** What to do **
In the data below, locate the line containing "За допомогою таблиці" and the line containing "Francia. 2023. Idiomas: Francés.", then retype both and everything between them exactly. Pictures are not part of the copy.

** Dataset records **
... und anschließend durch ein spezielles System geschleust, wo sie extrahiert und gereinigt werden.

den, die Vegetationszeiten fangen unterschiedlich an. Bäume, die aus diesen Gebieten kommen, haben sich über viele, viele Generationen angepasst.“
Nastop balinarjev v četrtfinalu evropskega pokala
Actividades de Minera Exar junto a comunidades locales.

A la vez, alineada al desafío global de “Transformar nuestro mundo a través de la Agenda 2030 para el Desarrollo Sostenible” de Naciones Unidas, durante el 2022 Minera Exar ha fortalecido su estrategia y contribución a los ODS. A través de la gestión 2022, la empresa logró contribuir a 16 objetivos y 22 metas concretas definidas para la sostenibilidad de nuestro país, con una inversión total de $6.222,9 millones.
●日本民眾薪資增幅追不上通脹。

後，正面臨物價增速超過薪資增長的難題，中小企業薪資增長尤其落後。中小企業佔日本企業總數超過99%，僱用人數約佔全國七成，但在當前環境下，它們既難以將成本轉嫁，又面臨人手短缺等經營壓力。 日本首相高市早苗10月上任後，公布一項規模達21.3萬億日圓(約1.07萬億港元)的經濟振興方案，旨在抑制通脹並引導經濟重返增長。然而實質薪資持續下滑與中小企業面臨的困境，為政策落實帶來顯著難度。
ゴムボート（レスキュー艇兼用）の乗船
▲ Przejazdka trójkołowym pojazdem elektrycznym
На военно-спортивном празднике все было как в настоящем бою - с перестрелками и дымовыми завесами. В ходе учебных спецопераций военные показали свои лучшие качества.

* * *

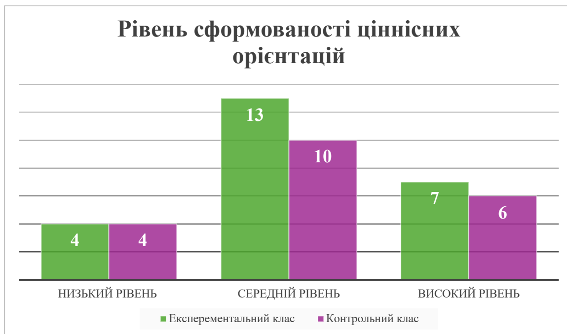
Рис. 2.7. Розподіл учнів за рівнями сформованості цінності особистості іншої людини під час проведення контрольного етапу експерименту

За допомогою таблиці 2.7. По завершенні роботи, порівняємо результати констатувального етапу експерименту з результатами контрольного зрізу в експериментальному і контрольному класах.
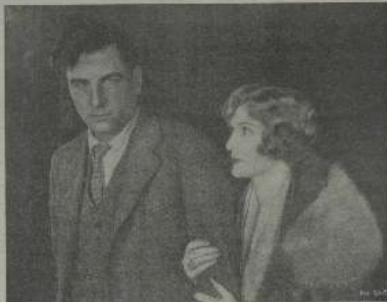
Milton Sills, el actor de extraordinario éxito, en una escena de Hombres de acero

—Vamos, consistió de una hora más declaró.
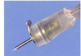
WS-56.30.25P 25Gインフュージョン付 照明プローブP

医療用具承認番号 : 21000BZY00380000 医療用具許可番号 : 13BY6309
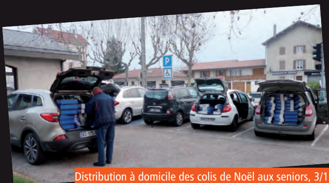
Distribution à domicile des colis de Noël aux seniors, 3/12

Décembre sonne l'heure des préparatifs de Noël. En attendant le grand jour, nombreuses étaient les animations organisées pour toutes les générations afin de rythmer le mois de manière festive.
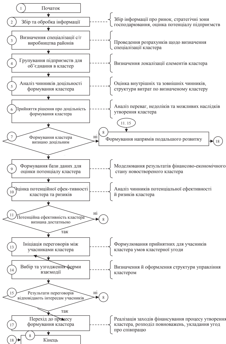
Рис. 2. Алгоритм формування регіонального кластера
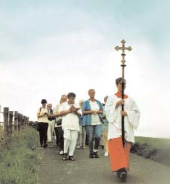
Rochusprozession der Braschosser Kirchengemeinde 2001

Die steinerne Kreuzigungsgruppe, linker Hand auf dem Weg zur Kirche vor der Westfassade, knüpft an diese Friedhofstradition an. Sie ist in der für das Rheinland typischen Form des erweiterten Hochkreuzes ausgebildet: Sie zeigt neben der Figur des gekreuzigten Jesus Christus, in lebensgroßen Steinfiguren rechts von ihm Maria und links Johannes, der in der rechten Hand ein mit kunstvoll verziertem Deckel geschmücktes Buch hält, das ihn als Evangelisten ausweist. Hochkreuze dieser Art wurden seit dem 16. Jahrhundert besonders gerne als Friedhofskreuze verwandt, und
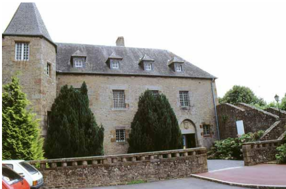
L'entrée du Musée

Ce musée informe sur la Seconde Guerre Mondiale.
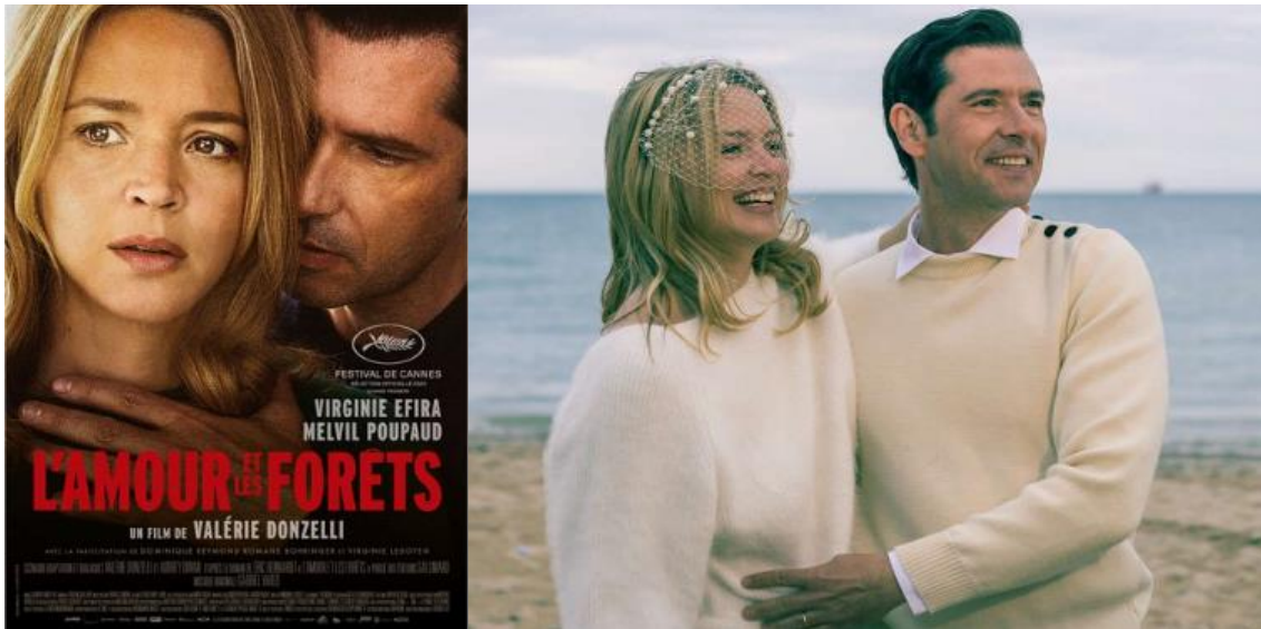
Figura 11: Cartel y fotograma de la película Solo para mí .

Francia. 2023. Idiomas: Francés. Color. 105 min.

** Reply to the task **
За допомогою таблиці 2.7. По завершенні роботи, порівняємо результати констатувального етапу експерименту з результатами контрольного зрізу в експериментальному і контрольному класах.
Milton Sills, el actor de extraordinario éxito, en una escena de Hombres de acero

—Vamos, consistió de una hora más declaró.
WS-56.30.25P 25Gインフュージョン付 照明プローブP

医療用具承認番号 : 21000BZY00380000 医療用具許可番号 : 13BY6309
Distribution à domicile des colis de Noël aux seniors, 3/12

Décembre sonne l'heure des préparatifs de Noël. En attendant le grand jour, nombreuses étaient les animations organisées pour toutes les générations afin de rythmer le mois de manière festive.
Рис. 2. Алгоритм формування регіонального кластера
Rochusprozession der Braschosser Kirchengemeinde 2001

Die steinerne Kreuzigungsgruppe, linker Hand auf dem Weg zur Kirche vor der Westfassade, knüpft an diese Friedhofstradition an. Sie ist in der für das Rheinland typischen Form des erweiterten Hochkreuzes ausgebildet: Sie zeigt neben der Figur des gekreuzigten Jesus Christus, in lebensgroßen Steinfiguren rechts von ihm Maria und links Johannes, der in der rechten Hand ein mit kunstvoll verziertem Deckel geschmücktes Buch hält, das ihn als Evangelisten ausweist. Hochkreuze dieser Art wurden seit dem 16. Jahrhundert besonders gerne als Friedhofskreuze verwandt, und
L'entrée du Musée

Ce musée informe sur la Seconde Guerre Mondiale.
Figura 11: Cartel y fotograma de la película Solo para mí .

Francia. 2023. Idiomas: Francés. Color. 105 min.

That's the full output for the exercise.